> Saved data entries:
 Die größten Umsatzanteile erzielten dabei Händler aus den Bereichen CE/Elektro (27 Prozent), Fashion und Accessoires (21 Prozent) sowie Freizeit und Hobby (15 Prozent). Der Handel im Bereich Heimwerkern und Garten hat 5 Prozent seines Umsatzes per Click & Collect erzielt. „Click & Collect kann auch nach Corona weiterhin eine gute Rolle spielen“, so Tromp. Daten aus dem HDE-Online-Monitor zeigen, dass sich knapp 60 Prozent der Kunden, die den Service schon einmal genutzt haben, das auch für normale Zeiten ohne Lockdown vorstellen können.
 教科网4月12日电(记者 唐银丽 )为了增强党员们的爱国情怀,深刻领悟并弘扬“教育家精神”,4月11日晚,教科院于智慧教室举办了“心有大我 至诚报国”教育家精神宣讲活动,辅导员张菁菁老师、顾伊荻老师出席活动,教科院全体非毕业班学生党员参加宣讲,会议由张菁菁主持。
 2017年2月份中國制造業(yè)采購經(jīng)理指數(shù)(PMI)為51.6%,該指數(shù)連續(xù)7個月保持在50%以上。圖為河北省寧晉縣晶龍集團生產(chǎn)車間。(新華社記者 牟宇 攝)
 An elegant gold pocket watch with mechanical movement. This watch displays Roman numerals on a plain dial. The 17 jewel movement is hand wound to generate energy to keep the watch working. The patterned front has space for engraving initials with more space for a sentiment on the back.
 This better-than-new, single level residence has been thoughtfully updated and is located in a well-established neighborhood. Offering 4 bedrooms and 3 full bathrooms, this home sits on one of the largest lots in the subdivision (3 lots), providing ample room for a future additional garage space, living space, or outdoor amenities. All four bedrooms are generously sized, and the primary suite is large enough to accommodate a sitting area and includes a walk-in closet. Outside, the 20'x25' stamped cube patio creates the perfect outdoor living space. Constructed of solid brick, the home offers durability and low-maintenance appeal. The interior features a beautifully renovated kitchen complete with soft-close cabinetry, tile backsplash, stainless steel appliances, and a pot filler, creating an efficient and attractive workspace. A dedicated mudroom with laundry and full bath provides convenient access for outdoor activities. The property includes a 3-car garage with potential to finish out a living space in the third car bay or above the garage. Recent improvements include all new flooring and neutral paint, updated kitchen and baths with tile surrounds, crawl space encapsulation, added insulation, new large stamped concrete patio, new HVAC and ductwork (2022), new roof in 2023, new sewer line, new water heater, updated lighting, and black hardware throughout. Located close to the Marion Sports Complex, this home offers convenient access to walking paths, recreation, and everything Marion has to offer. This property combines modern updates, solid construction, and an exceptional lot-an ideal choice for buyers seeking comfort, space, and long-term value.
...
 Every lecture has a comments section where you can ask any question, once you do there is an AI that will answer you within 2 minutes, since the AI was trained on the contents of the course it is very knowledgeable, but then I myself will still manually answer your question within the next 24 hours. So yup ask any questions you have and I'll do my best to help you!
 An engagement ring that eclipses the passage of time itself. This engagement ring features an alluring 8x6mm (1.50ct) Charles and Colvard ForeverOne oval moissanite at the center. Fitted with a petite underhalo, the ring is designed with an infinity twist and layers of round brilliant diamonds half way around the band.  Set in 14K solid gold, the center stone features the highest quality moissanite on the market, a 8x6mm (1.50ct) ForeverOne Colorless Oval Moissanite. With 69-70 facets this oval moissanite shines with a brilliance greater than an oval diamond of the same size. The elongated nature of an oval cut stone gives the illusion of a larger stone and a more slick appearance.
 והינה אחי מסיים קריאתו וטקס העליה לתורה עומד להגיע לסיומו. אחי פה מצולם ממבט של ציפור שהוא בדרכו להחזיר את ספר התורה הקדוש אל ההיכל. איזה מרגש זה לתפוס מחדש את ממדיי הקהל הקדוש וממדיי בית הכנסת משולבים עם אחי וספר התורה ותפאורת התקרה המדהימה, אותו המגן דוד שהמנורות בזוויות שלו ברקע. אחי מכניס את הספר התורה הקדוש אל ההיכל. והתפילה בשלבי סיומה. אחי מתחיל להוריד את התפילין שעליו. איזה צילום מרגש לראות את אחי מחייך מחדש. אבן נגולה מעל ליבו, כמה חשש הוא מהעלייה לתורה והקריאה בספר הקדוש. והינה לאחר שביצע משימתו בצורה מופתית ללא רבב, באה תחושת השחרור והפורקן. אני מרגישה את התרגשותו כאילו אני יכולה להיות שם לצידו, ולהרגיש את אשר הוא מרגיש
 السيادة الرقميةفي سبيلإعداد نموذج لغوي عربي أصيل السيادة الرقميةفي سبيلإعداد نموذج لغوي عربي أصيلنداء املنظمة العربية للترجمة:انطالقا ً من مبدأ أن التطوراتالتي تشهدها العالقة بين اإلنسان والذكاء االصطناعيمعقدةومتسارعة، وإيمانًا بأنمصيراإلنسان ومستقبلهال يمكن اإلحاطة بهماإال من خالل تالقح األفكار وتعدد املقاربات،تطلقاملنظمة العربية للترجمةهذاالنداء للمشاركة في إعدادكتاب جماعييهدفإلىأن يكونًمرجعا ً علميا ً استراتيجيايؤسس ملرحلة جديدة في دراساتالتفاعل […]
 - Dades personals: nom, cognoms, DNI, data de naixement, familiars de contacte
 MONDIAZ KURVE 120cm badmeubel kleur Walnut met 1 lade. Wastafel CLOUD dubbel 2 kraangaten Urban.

> Exercise brief:
Copy word for word the stretch of entries above from the line that has "- Dades personals: nom, cognoms, DNI, data" through the line that has "MONDIAZ KURVE 120cm", both ends included, and nothing outside it.

> Response:
 - Dades personals: nom, cognoms, DNI, data de naixement, familiars de contacte
 MONDIAZ KURVE 120cm badmeubel kleur Walnut met 1 lade. Wastafel CLOUD dubbel 2 kraangaten Urban.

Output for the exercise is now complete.